Prometheus是最初在SoundCloud上构建的开源系统监视和警报工具包。自2012年成立以来,许多公司和组织都采用了Prometheus,该项目拥有非常活跃的开发人员和用户社区。Prometheus 于2016年加入了 Cloud Native Computing Foundation,这是继Kubernetes之后的第二个托管项目。
官网:https://prometheus.io 最新版本: 2.19.2
Exporter是一个采集监控数据并通过Prometheus监控规范对外提供数据的组件,能为Prometheus提供监控的接口。
Exporter将监控数据采集的端点通过HTTP服务的形式暴露给Prometheus Server,Prometheus Server通过访问该Exporter提供的Endpoint端点,即可获取到需要采集的监控数据。不同的Exporter负责不同的业务。
Prometheus 开源的系统监控和报警框架,灵感源自Google的Borgmon监控系统
AlertManager 处理由客户端应用程序(如Prometheus server)发送的警报。
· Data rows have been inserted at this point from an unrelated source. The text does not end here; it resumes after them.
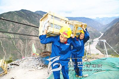 在巴塘縣水磨溝村,記者看到四川送變電公司架設的1460米跨江索道,旁邊堆放的設備背上山要花4小時,通過索道僅需幾分鐘就可運抵對面山頂基位。
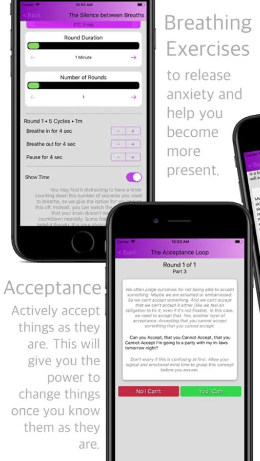 * Note that this app can integrate with the Health App by adding 'Mindful Minutes' by completing 'Silence Between Breaths' entries. This is optional and giving permission will not affect your ability to use this app.
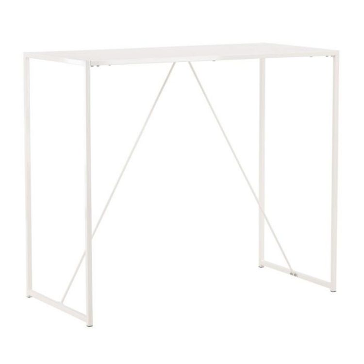 Informations Techniques : Dimensions : L. 120 x l. 60 x H. 105 cm Matières : Plateau : MDF Piètement : Acier Spécificités : Pratique & Tendance Table de bar design Jusqu'à 4 couverts Finition thermolaquée Forme rectangulaire Nombre de colis : 1 Poids max supporté : 40 kg Poids : 16,4 kg Couleur : B

它负责将重复数据删除,分组和路由到正确的接收者集成,还负责沉默和抑制警报
Node_Exporter 用来监控各节点的资源信息的exporter,应部署到prometheus监控的所有节点
PushGateway 推送网关,用于接收各节点推送的数据并暴露给Prometheus server
文档:https://prometheus.io/docs/introduction/overview/
下载prometheus各组件:
https://prometheus.io/download/
环境准备
- 主机说明:
系统 | ip | 角色 | cpu | 内存 | hostname |
---|---|---|---|---|---|
CentOS 7.8 | 192.168.30.135 | prometheus、node1 | >=2 | >=2G | prometheus |
CentOS 7.8 | 192.168.30.136 | altermanager、node2 | >=2 | >=2G | altermanager |
CentOS 7.8 | 192.168.30.137 | grafana、node3 | >=2 | >=2G | grafana |
- 全部关闭防火墙和selinux:
systemctl stop firewalld && systemctl disable firewalld
sed -i 's/=enforcing/=disabled/g' /etc/selinux/config && setenforce 0
配置规则
前面已经部署了prometheus、node_exporter、alertmanager和grafana,并介绍了PromQL,且对于metrics进行了查询演示。
本文配置各项规则,完成记录及告警。
prometheus的规则分为记录规则和告警规则,rule_files
主要用于配置 rules 文件,它支持多个文件以及文件目录。
- 当前配置:
cat /usr/local/prometheus/prometheus.yml
global:
scrape_interval: 15s
evaluation_interval: 15s
alerting:
alertmanagers:
- static_configs:
- targets:
- 192.168.30.136:9093
rule_files:
# - "first_rules.yml"
# - "second_rules.yml"
scrape_configs:
- job_name: 'prometheus'
static_configs:
- targets: ['192.168.30.135:9090']
- job_name: 'node'
static_configs:
- targets: ['192.168.30.135:9100','192.168.30.136:9100','192.168.30.137:9100']
- job_name: 'alertmanager'
static_configs:
- targets: ['192.168.30.136:9093']
- 记录规则配置:
记录规则可以预先计算经常需要或计算量大的表达式,并将其结果保存为一组新的时间序列。这样,查询预先计算的结果通常比每次需要原始表达式都要快得多。这对于仪表板非常有用,仪表板每次刷新时都需要重复查询相同的表达式。
记录和告警规则存在于规则组中。组中的规则以规则的时间间隔顺序运行。记录和告警规则的名称必须是有效的度量标准名称。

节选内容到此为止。